Asian stocks edged lower on Wednesday, 11 December 2013, on speculation a US budget agreement will boost prospects of tapering the Federal Reserve's stimulus program. Key benchmark indices in Taiwan, South Korea, Indoensia, Singapore, China, Japan and Hong Kong were off 0.11% to 1.89%. Fed's bond-buying program has been a source of liquidity for most Asian and emerging markets this year.
Trading in US index futures indicated a flat opening of US stocks on Wednesday, 11 December 2013. US stocks fell on Tuesday as investors weighed federal budget negotiations and better-than-estimated economic data to gauge the timing of any Federal Reserve stimulus cuts. The US budget deal, worked out between chief negotiators Senator Patty Murray and Representative Paul Ryan, would set spending at about $1.01 trillion in 2014, higher than the $967 billion required in a 2011 budget accord. A partial shutdown in October lasted for 16 days because lawmakers couldn't agree on how to fund the government.
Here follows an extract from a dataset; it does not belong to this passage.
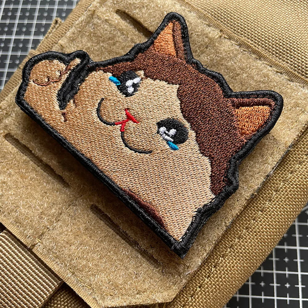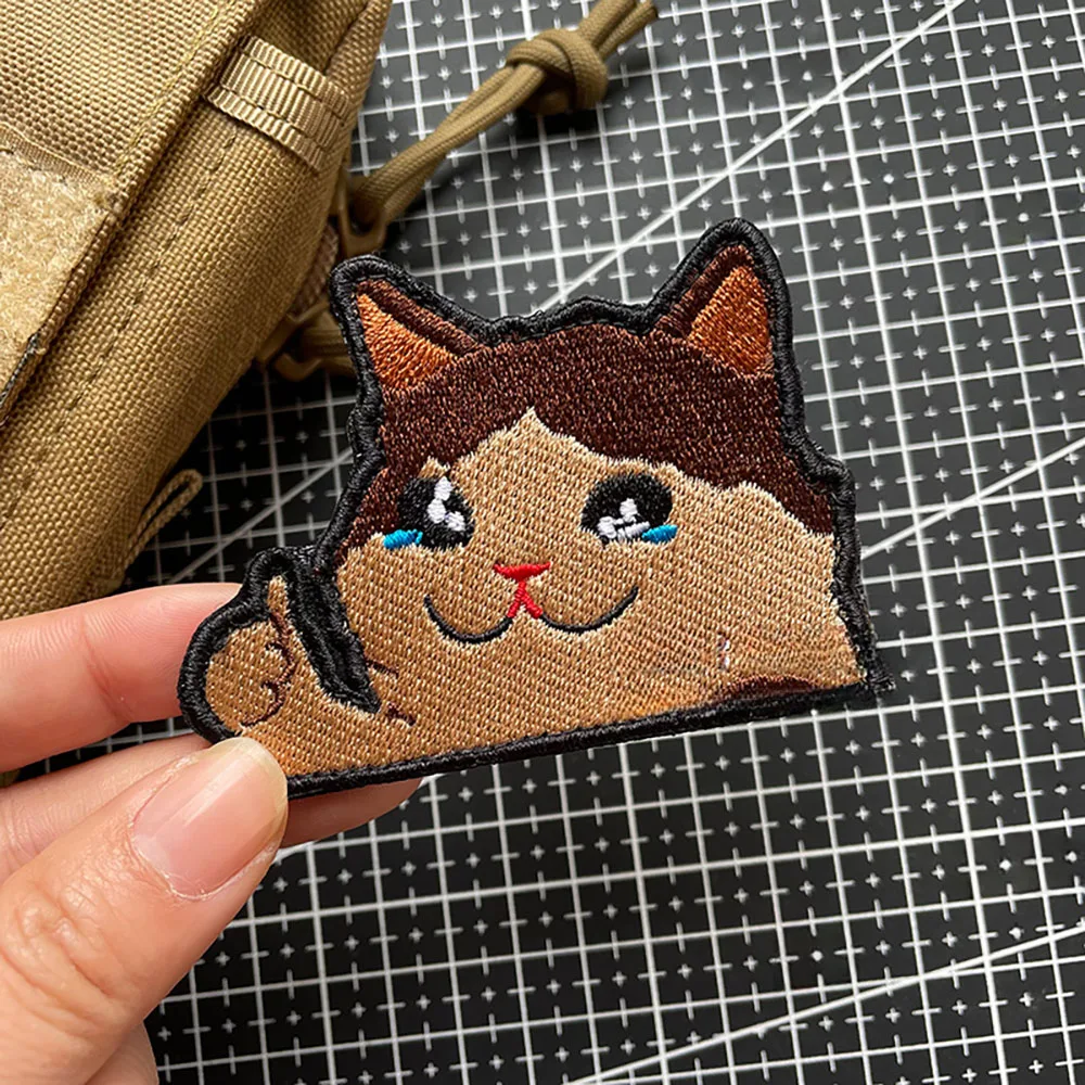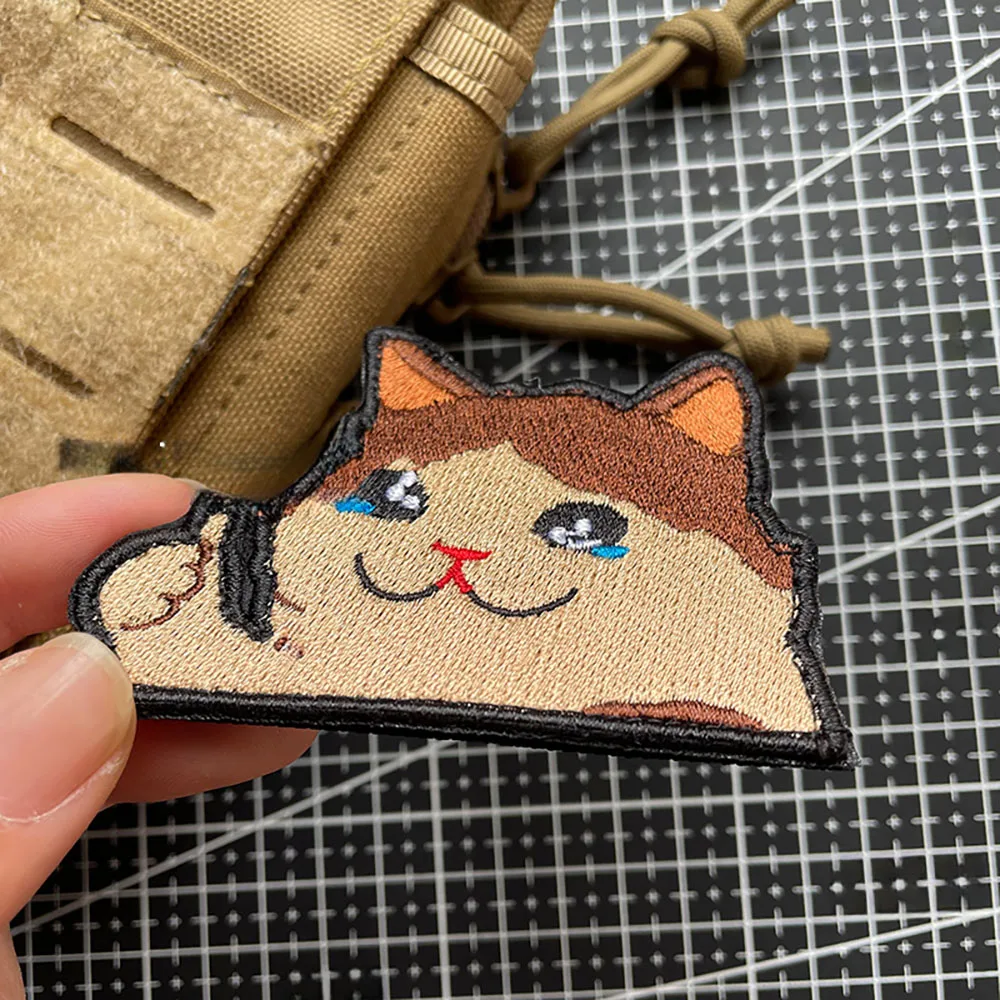 Parche bordado de gato con pulgares hacia arriba, insignia de moral táctica en mochila, pegatina de gancho y bucle, animación DIY

Meanwhile, the latest data showed job openings in the US climbed to a five-year high in October, indicating employers were confident about demand even as Washington's budget impasse shuttered parts of the federal government. Another report showed wholesale trade sales and inventories increased more than economists forecast.
The Federal Open Market Committee (FOMC) holds a two-day policy meeting on interest rates in the United States on 17-18 December 2013. The US central bank currently buys bonds worth $85 billion a month in a bid to hold interest rates low and encourage economic growth in the world's biggest economy. Minutes of the Fed's October meeting released on 20 November 2013 showed officials may reduce their $85 billion a month of bond buying if the economy improves as anticipated.